Be careful when modifying dimensions of existing pipelines! This might have impact on how you are able to view data in
the data explorer due to schema incompatibilities.
### Identifier
The name of the measurement (table) where the events are stored.
### Schema Update Options
The Schema Update Options dictate the behavior when encountering a measurement (table) with the same identifier.
#### Option 1: Update Schema
- **Description:** Overrides the existing schema.
- **Effect on Data:** The data remains in the data lake, but accessing old data is restricted to file export.
- **Impact on Features:** Other StreamPipes features, such as the Data Explorer, will only display the new event schema.
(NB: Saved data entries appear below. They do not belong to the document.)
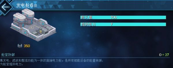 其中除火力发电舱外,其余舱室均可通过升级舱室来提升电量上限。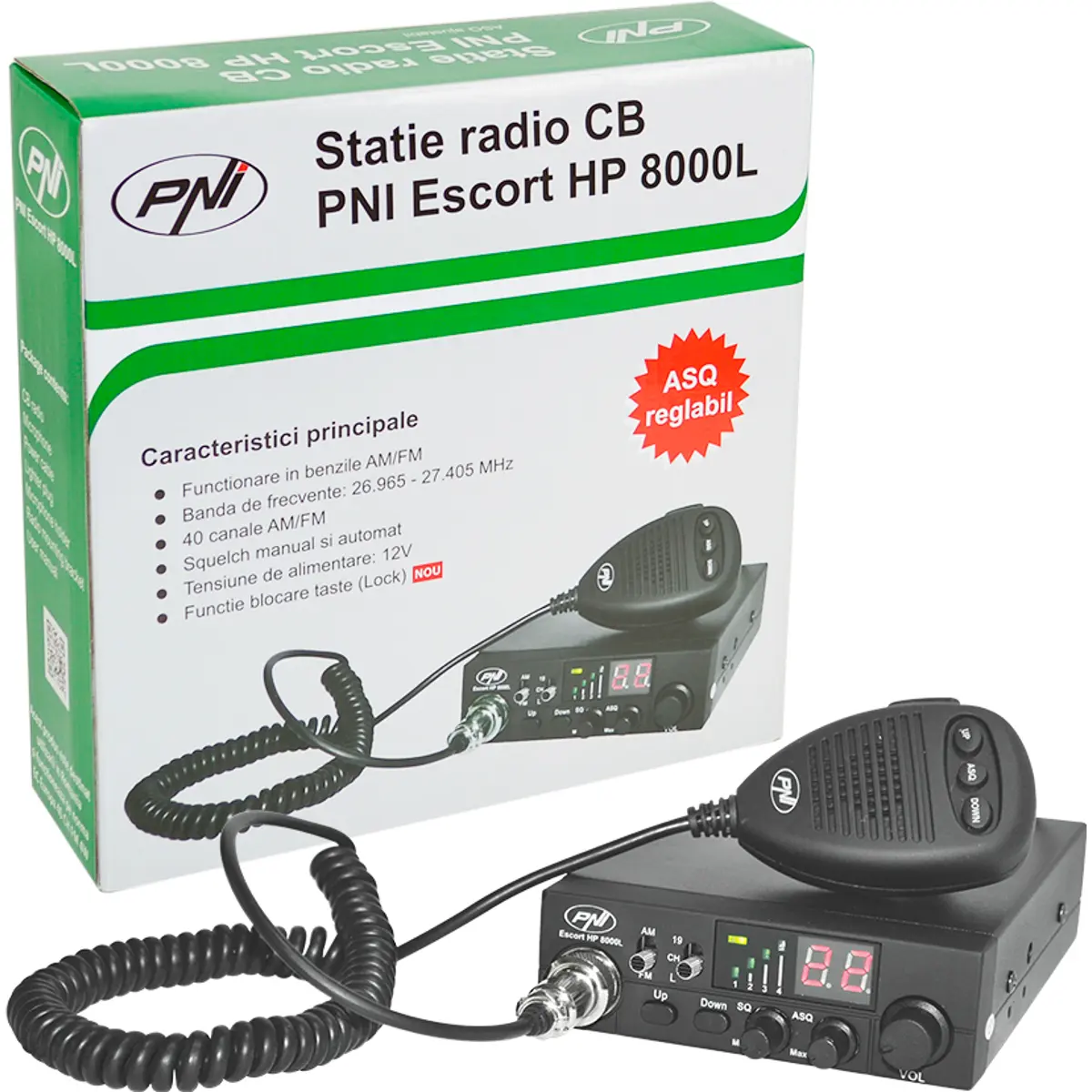 A estação de rádio CB PNI Escort HP 8000L destaca-se pelo seu design compacto, funções práticas e sistema ASQ ajustável que melhora significativamente a qualidade da recepção. É ideal para condutores que procuram uma solução eficaz e fiável para comunicações CB, mesmo em ambientes com elevado ruído ou interferência.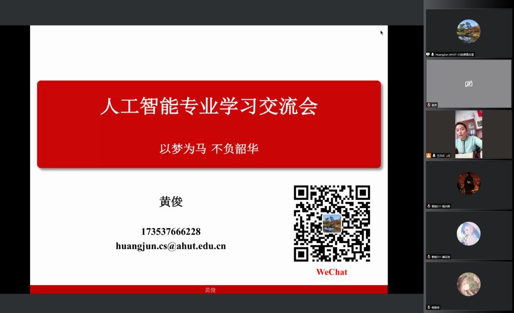 为进一步加强线上学习指导,解答学生的专业疑惑,4月2日,人工智能系召开本科生线上专业指导交流会,人工智能系李乔老师、21级辅导员冯晟、人工智能201、202、211、212班全体同学参加了会议,会议由20级辅导员王丹丹老师和系主任黄俊老师共同主持。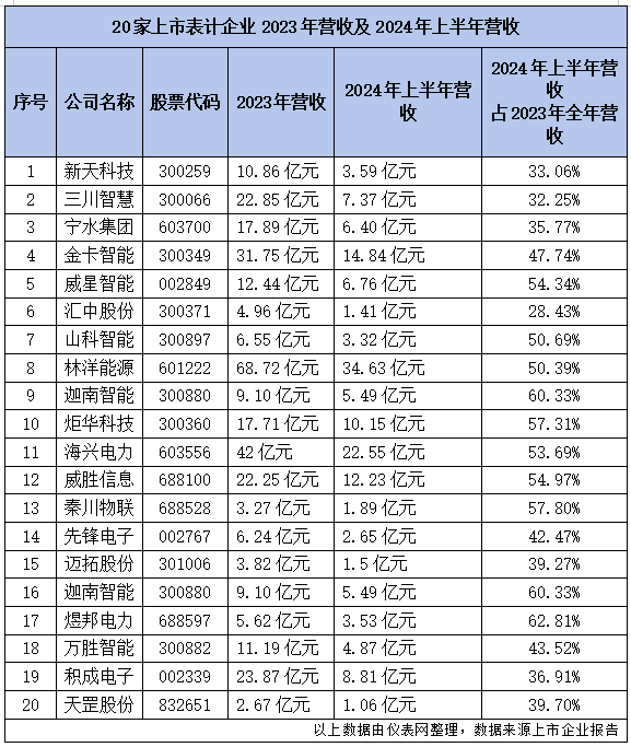 儀表網(wǎng)整理了20家上市表計企業(yè)2023年營業(yè)收入以及2024年上半年營業(yè)收入數(shù)據(jù),從中一窺我國表計產(chǎn)業(yè)今年和明年發(fā)展態(tài)勢。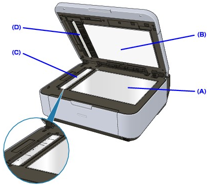 - 文件蓋內部(白色頁面) (B)較易受損,請輕輕擦拭。

#### Option 2: Extend Existing Schema
- **Description:** Keeps old event fields in the event schema.
- **Strategy:** This follows an append-only strategy, allowing continued work with historic data.
- **Consideration:** Old properties may exist for which no new data is generated.
### Dimensions
Select fields which will be marked as dimensions. Dimensions reflect tags in the underlying time-series database.
Dimensions support grouping operations and can be used for fields with a limited set of values, e.g., boolean flags or
fields representing IDs. Dimensions are not a good choice for fields with a high number of different values since they
slow down database queries.
By default, all fields which are marked as dimensions in the metadata are chosen and can be manually overridden
with this configuration.
Data types which can be marked as dimensional values are booleans, integer, and strings.
### Ignore Duplicates
Before writing an event to the time series storage, a duplicate check is performed. By activating this option, only
fields having a different value than the previous event are stored.
This setting only affects measurement fields, not dimensions.